Suppose that space of N points is partitioned into M relevant subsets, for now we assume of the same size. Then random sampling hits each of those subsets in O(M log M) time, even if we don't know what they are.

This sort of partitioning is long talked about in the testing literature, with the idea you should do it manually.

> what work is being offloaded

The need to write that program for explicitly enumerating the space.
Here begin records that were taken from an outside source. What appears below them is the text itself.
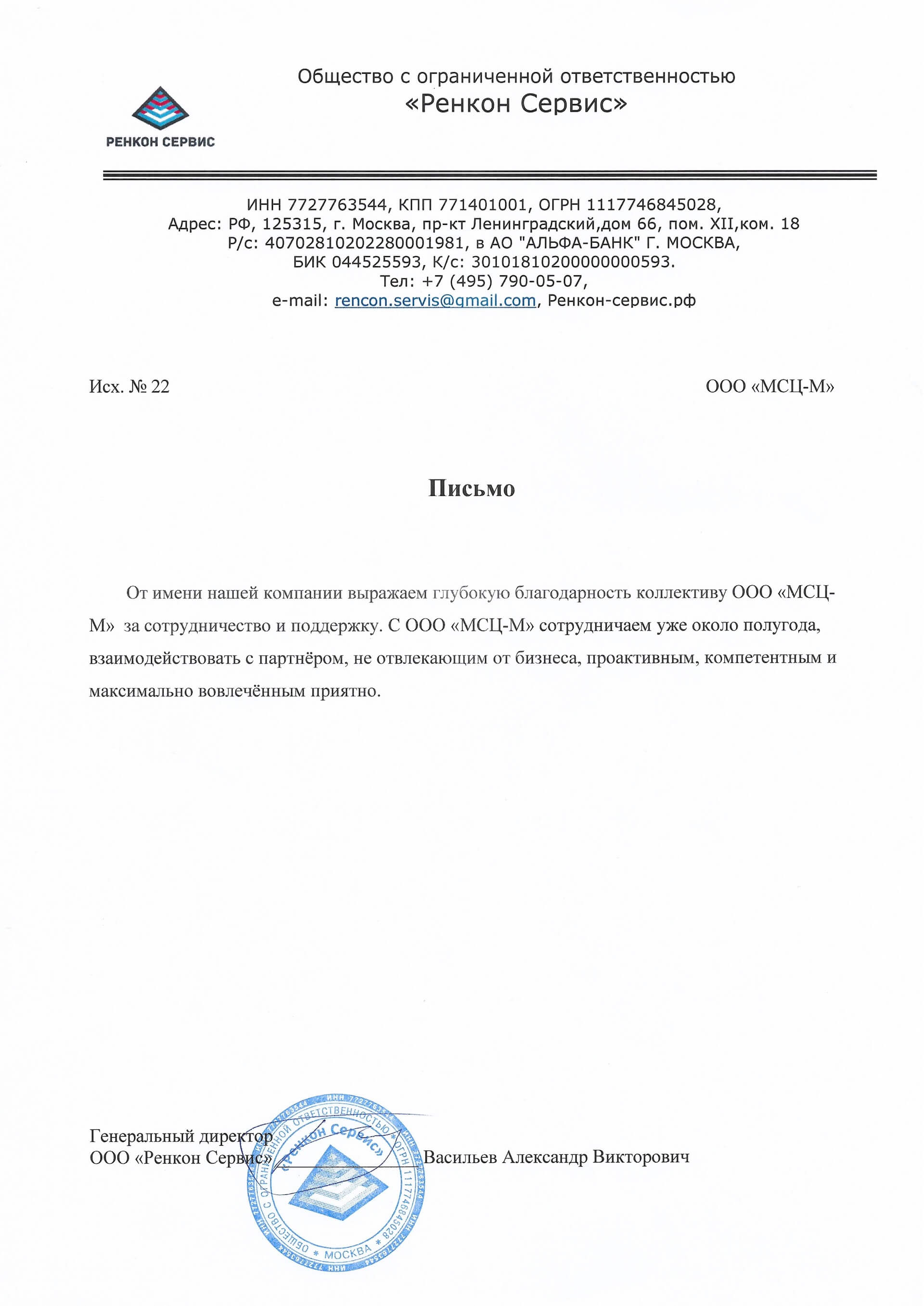 Отзыв о компании МСЦ от ООО "Ренкон Сервис"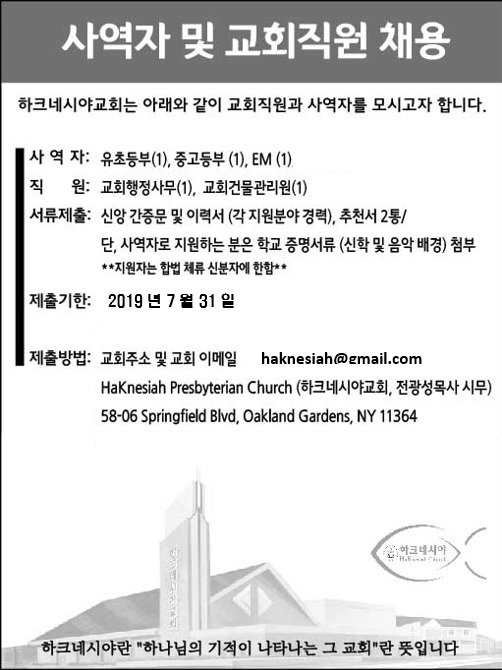 뉴욕 하크네시야 교회에서 사역자및 교회 직원을 모십니다.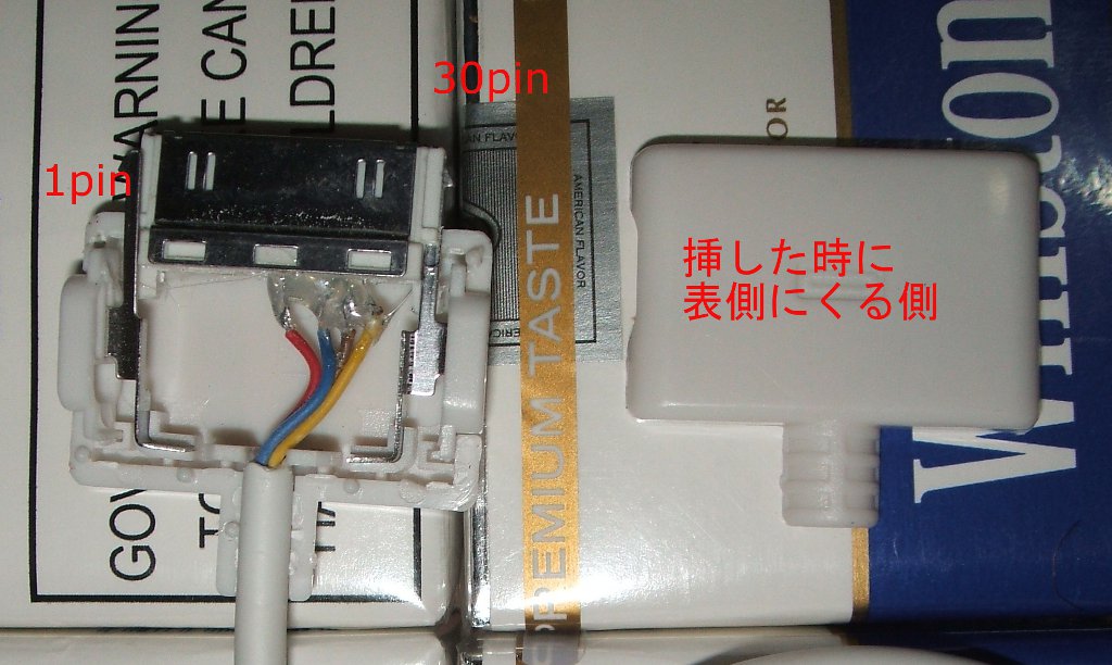 接着剤を取ると、ケーブルに半田付けされたピンがプラスチックのハウジングから抜けるようになります。 赤い線がついているものから一本ずつ手前に引いて抜き、次の場所に移動してください。 ピン配列は上記写真の状態で、一番左が1pin、一番右が30pinです。
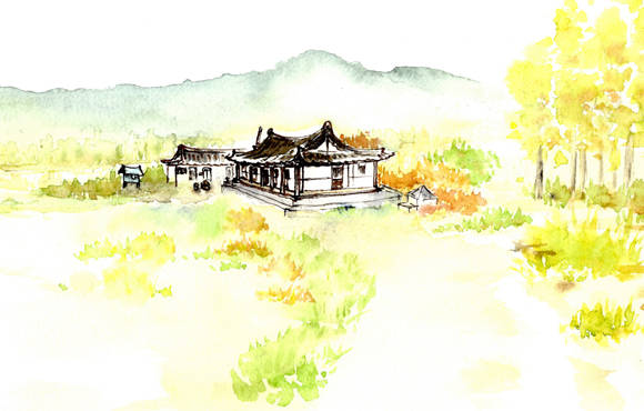 이상면 교수가 그린 윤동주 시인의 만주 용정 생가 수채화.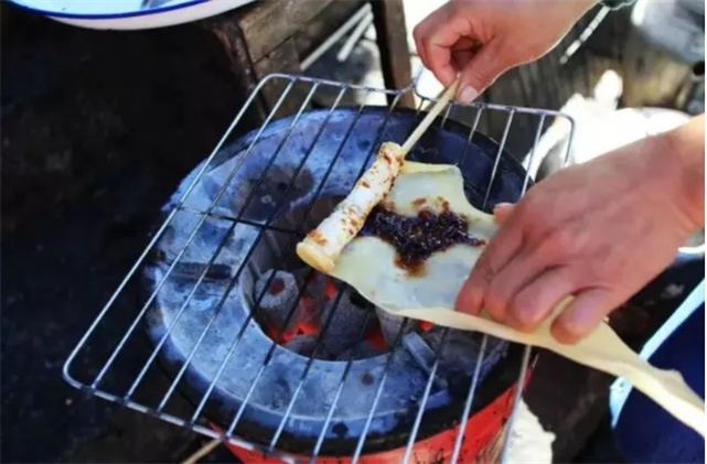 烤的過程中將乳扇平鋪成塊狀,用木棍掛住被烤軟的部分,依口味涂上煉乳或者玫瑰醬,邊卷邊烤,最后卷成筒狀。烤好的乳扇趁熱咬上一口,口感像軟軟的芝士,稍冷卻后的烤乳扇嚼起來多了幾分韌勁,奶的清香與玫瑰醬的清甜在舌尖上碰撞,耐人尋味。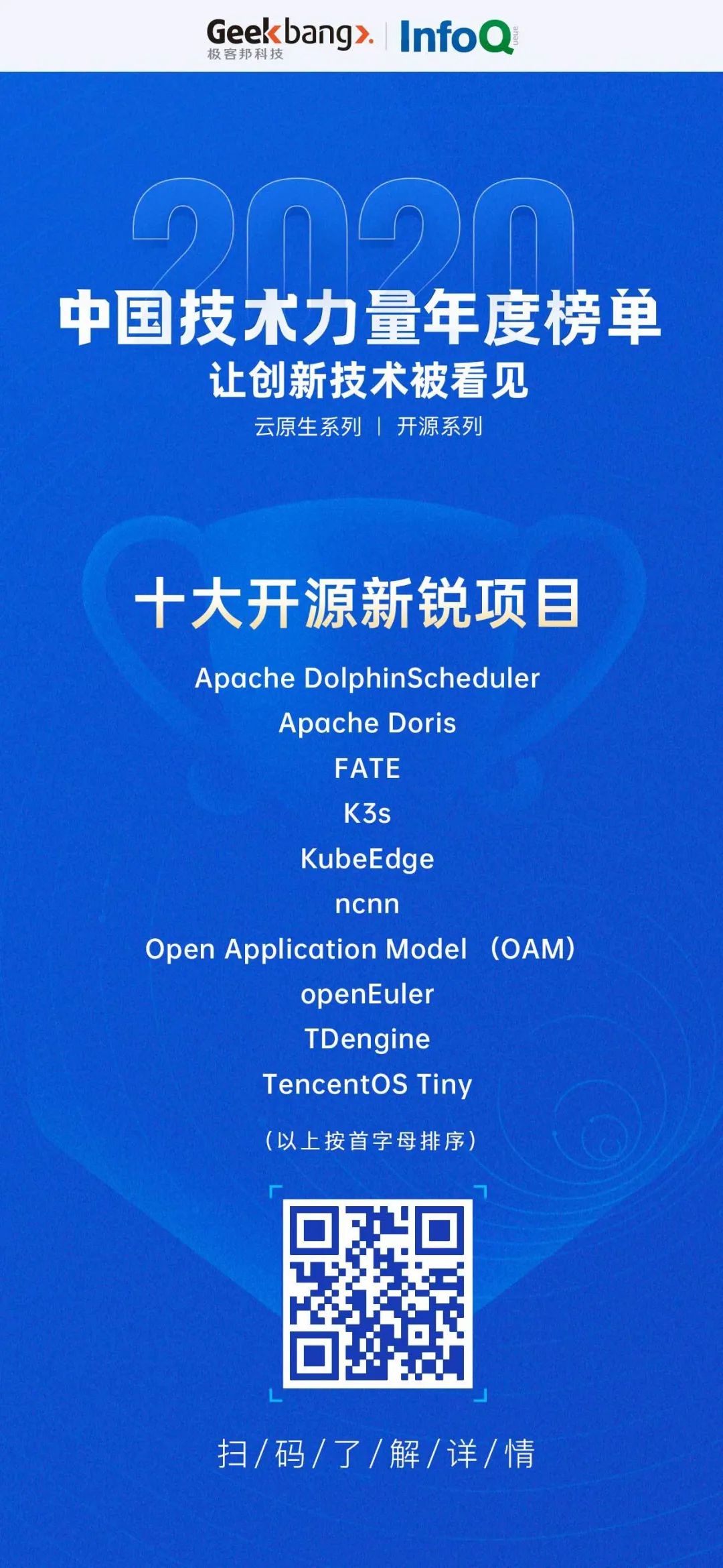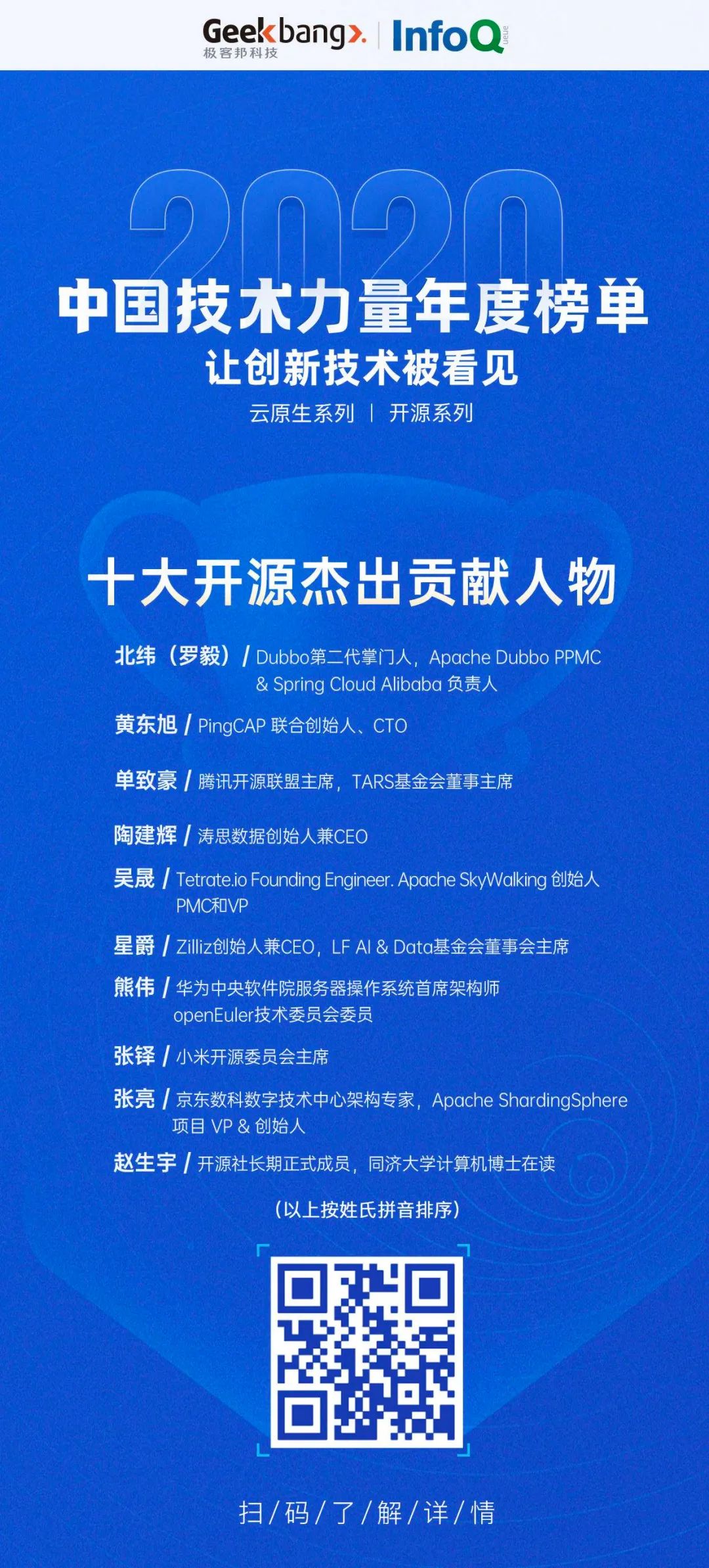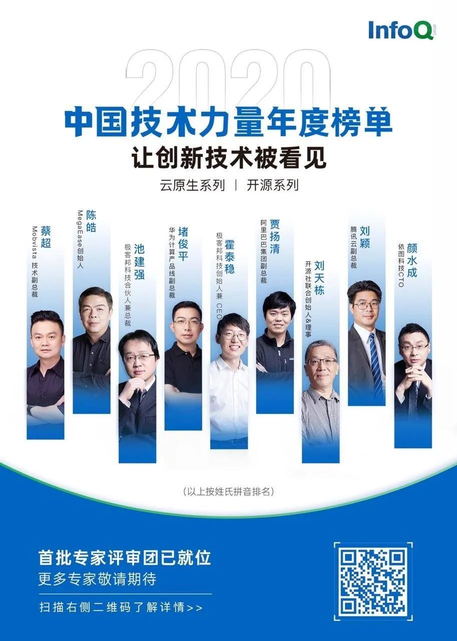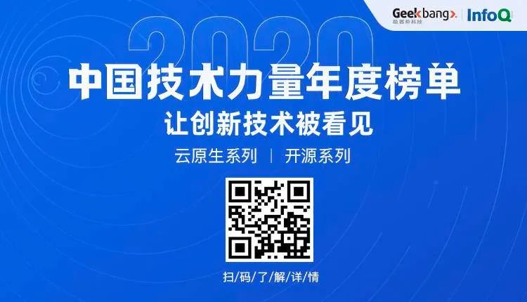 【InfoQ 2020 中国技术力量年度榜单评选】是 InfoQ 作为第三方独立媒体,创立 13 年来首次推出的榜单类活动,秉承“提供可信赖的内容”核心价值观,对本次征集评选严格把控流程、建立统一标准,借助规模庞大的专家团队、编辑团队和开发者社区对参评项目进行多维度评价。

Just to avoid potential confusion, the claim is that this is a function that generates a random permutation:

    pub fn shuffle(g: *Gen, T: type, slice: []T) void {
        if (slice.len <= 1) return;

        for (0..slice.len - 1) |i| {
            const j = g.range_inclusive(u64, i, slice.len - 1);
            std.mem.swap(T, &slice[i], &slice[j]);
        }
    }

And this is a function that enumerates all permutations, in order, exactly once:

    pub fn shuffle(g: *Gen, T: type, slice: []T) void {
        if (slice.len <= 1) return;

        for (0..slice.len - 1) |i| {
            const j = g.range_inclusive(u64, i, slice.len - 1);
            std.mem.swap(T, &slice[i], &slice[j]);
        }
    }

Yes, they are exactly the same function. What matters is Gen. If it looks like this

https://github.com/tigerbeetle/tigerbeetle/blob/809fe06a2ffc...

then you get a random permutation. If it rather looks like this

https://github.com/tigerbeetle/tigerbeetle/blob/809fe06a2ffc...

you enumerate all permutations.

What's being suggested also has the m log m partition behavior in the limit where N >> M. It might be easier to see why these are actually the same things with slightly different limits, imagine a huge N enumerated by an LFSR. We'll call our enumeration function rand() for tradition's sake. Now we're back to sampling.